Emerging from the same bohemian New York scene that spawned “The Velvet Underground” and “Television” “Talking Heads” took the world by storm with their album ‘Remain in Light’. Released in 1980, there still nothing quite like it. Unlike other cult bands, who had a sound that was easier to emulate, this album was put together with help from a supercomputer at the Massachusetts Institute of Technology. The reason for this are the extensive polyrhythms, based on African folk music (if this album had been part of the Music GCSE syllabus, I’m very sure I’d have performed far less dismally). The intent was to have no single person leading the band, but for it to be a communal effort.

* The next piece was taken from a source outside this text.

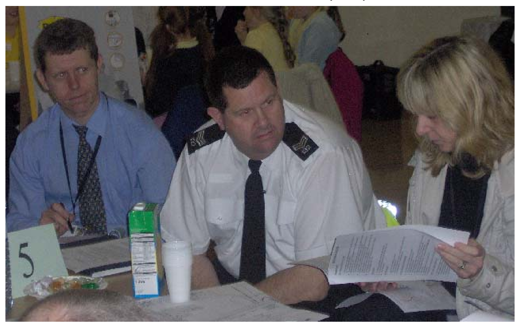
DRAFT ONE January 2008

If this sounds like 'worthy' music you’d typically run a mile away from, I urge you not to do so. The rhythms have a hypnotic looping quality, produced by the master Brian Eno, and as they loop some musicians come to the foreground and others disappear into the background. The best example of this is “Houses in Motion”, a song that you can easily listen to several times in one go it’s that good. “I turn around” lead singer David Byrne moans “I’m moving backwards and forwards/ I’m moving twice as much as I was before”. The live recordings are even better with the five additional performers; rather than sounding computerised or processed as you’d expect from such a technical song, there is a spontaneity to the performances that touch on the best of funk, rock and even jazz.

The album “Remain in Light” is often praised, and it’s not hard to see why. Like “Joy Division’s” ‘Unknown Pleasures’ (released about the same time) the production atmosphere creates huge sonic atmospheres. At one point I could imagine that the haunting ‘Listening Wind’, a song all about isolation and the lack of empathy, would be the perfect song for a spaceship to send out as a distress call. “Born Under Punches (The Heat Goes On)” is an assertive clarion call of a song that features the most aggressive use of polyrhythms. “Once in a Livetime” was the song that broke into the UK mainstream with its infectious chorus that is surprisingly accessible. ‘The Overload’ finishes the album with its heavy, dark production values, perhaps better listened to with the lights on.

'Remain in Light' is over thirty years old but there is nothing about it that has been endlessly repeated or feels dated. It does not feel that is part of a canonical division, like The Doors that must be accepted without criticism. I urge you to seek it out and enjoy for yourself one the more sterling musical attempts of the last few generations.